Row for Life crew make it to Oamaru

Arriving in Friendly Bay last week are Rowing for Life Aotearoa crew members (from left) coxswain...
Arriving in Friendly Bay last week are Rowing for Life Aotearoa crew members (from left) coxswain Quentin Annan (Dunstan Arm Rowing Club) and rowers Ian Hamilton (Invercargill Rowing Club), Tim Gardner (Twizel Rowing Club), Gary Jack (Wakatipu Rowing Club) and Jock Jolly (Dunstan Arm Rowing Club).
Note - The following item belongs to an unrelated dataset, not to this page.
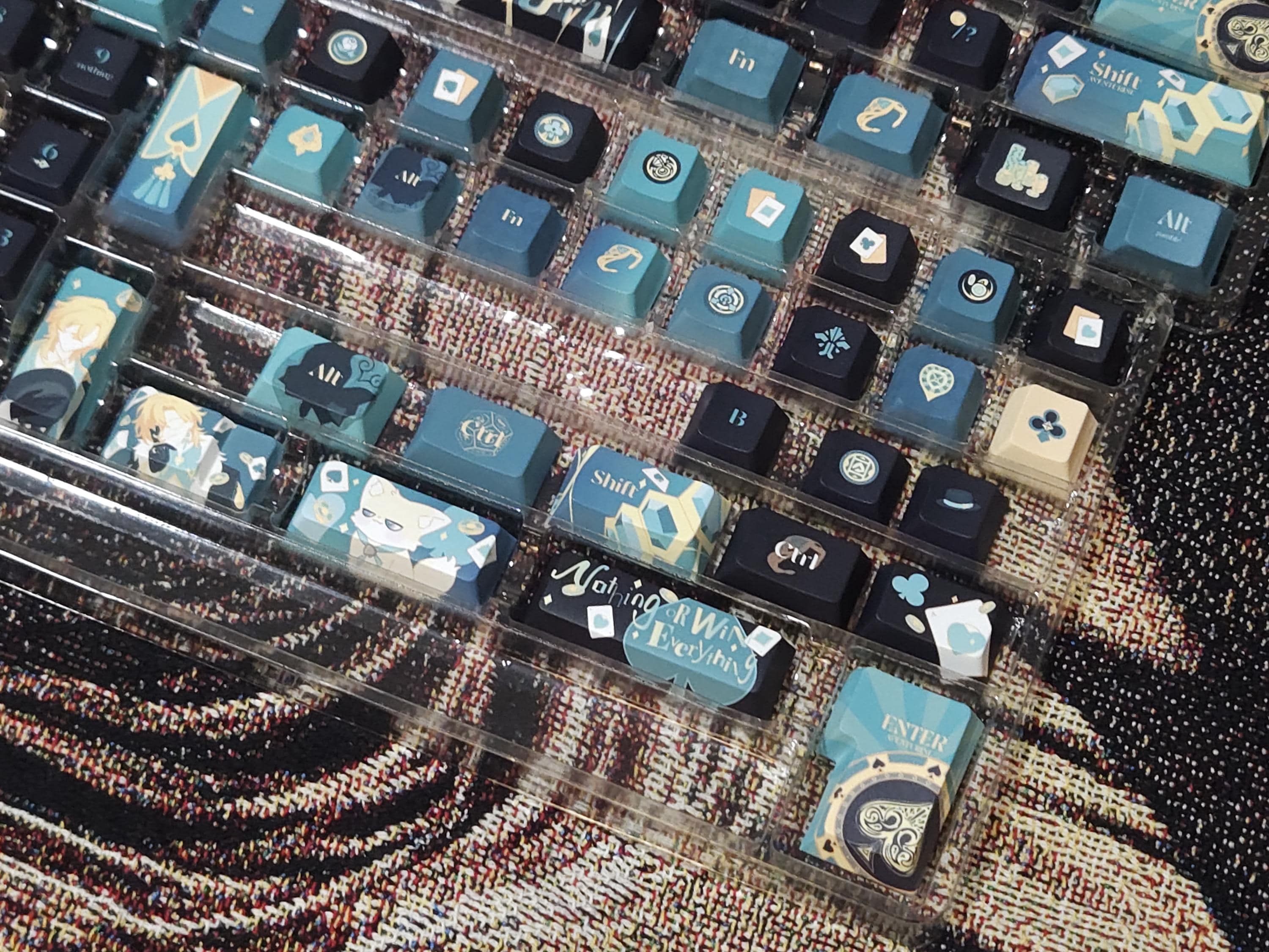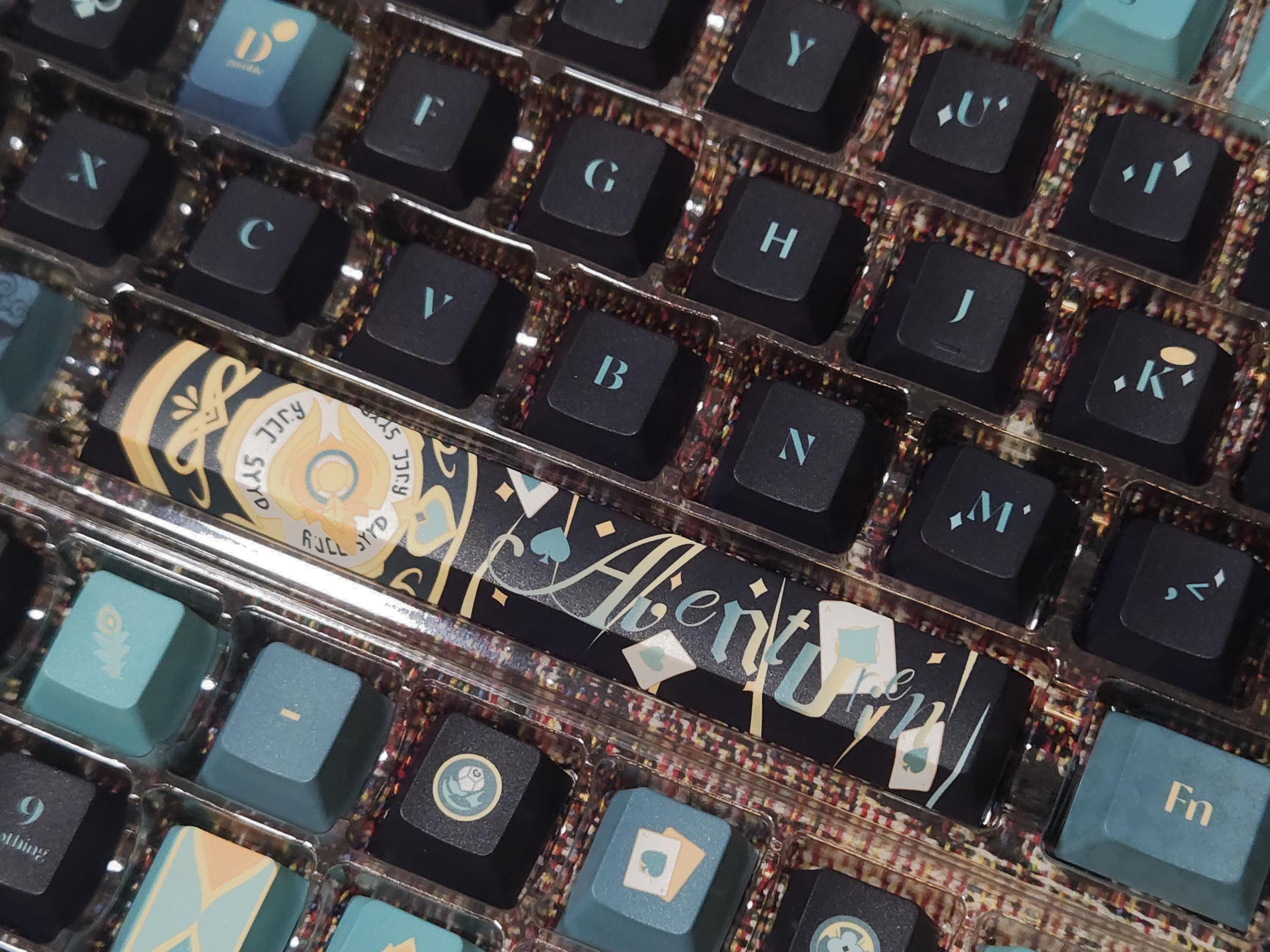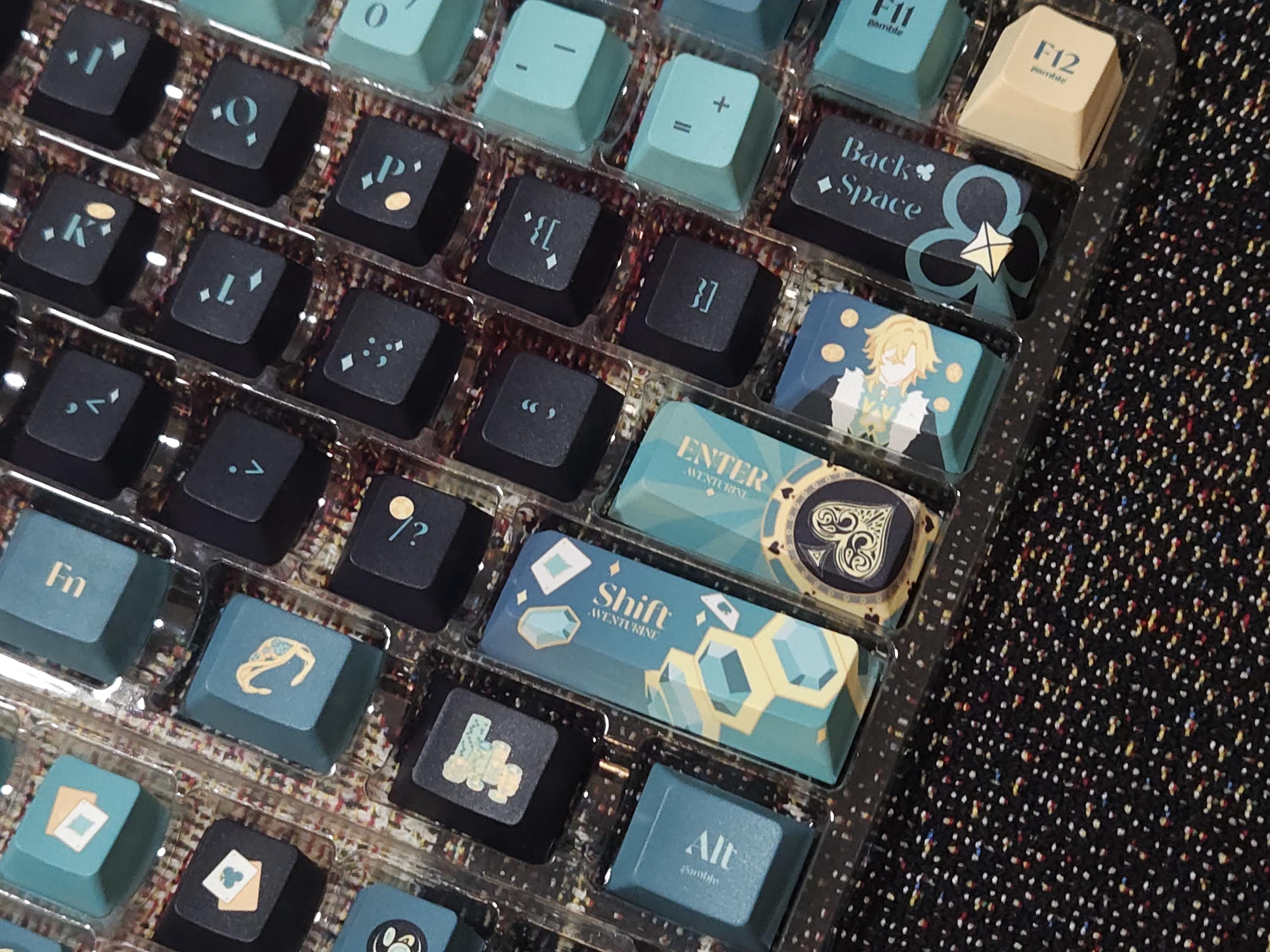 This keycap set takes inspiration from everyone's favourite gambler in Honkai: Star Rail, Aventurine. The set comes in single-shot, thick PBT and the standard Cherry Profile. It includes all the normal typing keys, number keys, function row keys, numpad keys, arrow keys, one spacebar in the standard 6.25u length, editing keys and some miscellaneous replacement keys with different designs.
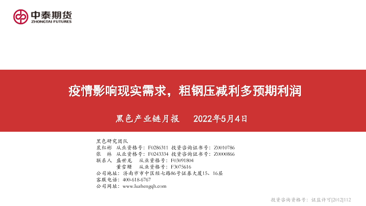 【中泰期货】【20220504】黑色产业链月报:疫情影响现实需求,粗钢压减利多预期利润-76页

PHOTO: JULES CHIN
Come wind or high water, the Row for Life Aotearoa crew made it into Oamaru Harbour this week on their journey up the east coast of New Zealand.

The crew are raising funds to support the Child Cancer Foundation, Starship Children’s Hospital, surf lifesaving clubs across New Zealand and the Lions’ Skin Cancer Screening Trust.

The team began their trek in Bluff on February 10 after a row from Stewart Island.

Their Oamaru stop marked 422km in total.

Invercargill rower Ian Hamilton, the brainchild of the fundraiser, has not missed a kilometre since the row began.

He was happy to reach Oamaru from their last stop in Moeraki and was buoyed by all the community support.

"It’s good to be here.

"You get a bit drained by the end of the day. You recover and have a good feed and the body is ready again. You just adapt," he said.

"People have been donating their time, food, accommodation ... their donation to the cause is helping to supply fuel for all the following boats."

Dunedin rower and co-organiser Kevin Duggan said all the Lions clubs had been "absolutely incredible".

"Logistically ... it’s just massive.

"With the core rower crew rotating daily [it requires] support vessels and transport, organising the rowers, accommodation, liaison with Lions ... the efforts to get some networking going, to raise the profile."

Waitaki Lions Club co-ordinator Klaus Steiner said the row crew received "tremendous" support from local fishermen.

Rowers from the crew, some from Dunstan, Wakatipu and Twizel, were hosted at a barbecue held by the Lions club at the Oamaru Rowing Club last Thursday upon arrival.

Mr Hamilton said they made some special arrangements to reduce distances before they set off the following morning to Timaru.

"We tried to go in a straight line right past Oamaru because we want to tick off a few more kilometres for the next row tomorrow.

"We made it to the 45 parallel, just before the Waitaki River."

The fundraiser was a family affair.

The 67-year-old Invercargill Rowing Club rower has been rowing since 1974.

He coached his sons Richard and Jeremy, who joined the row to Timaru, and his daughter Kelly.

His wife Jen also rows and was "logistics support" as part of the Row For Life Aotearoa team.

Mr Duggan said Mr Hamilton had been "amazing".

"I can’t believe his ability to get up day after day and put these massive days on the water.

"Ian is big on community.

"Anyone capable of sitting in a boat and rowing for [10km] can contact us on Facebook or the website, and you can travel out on support boats."

The Row For Life Aotearoa has a Givealittle page for donations.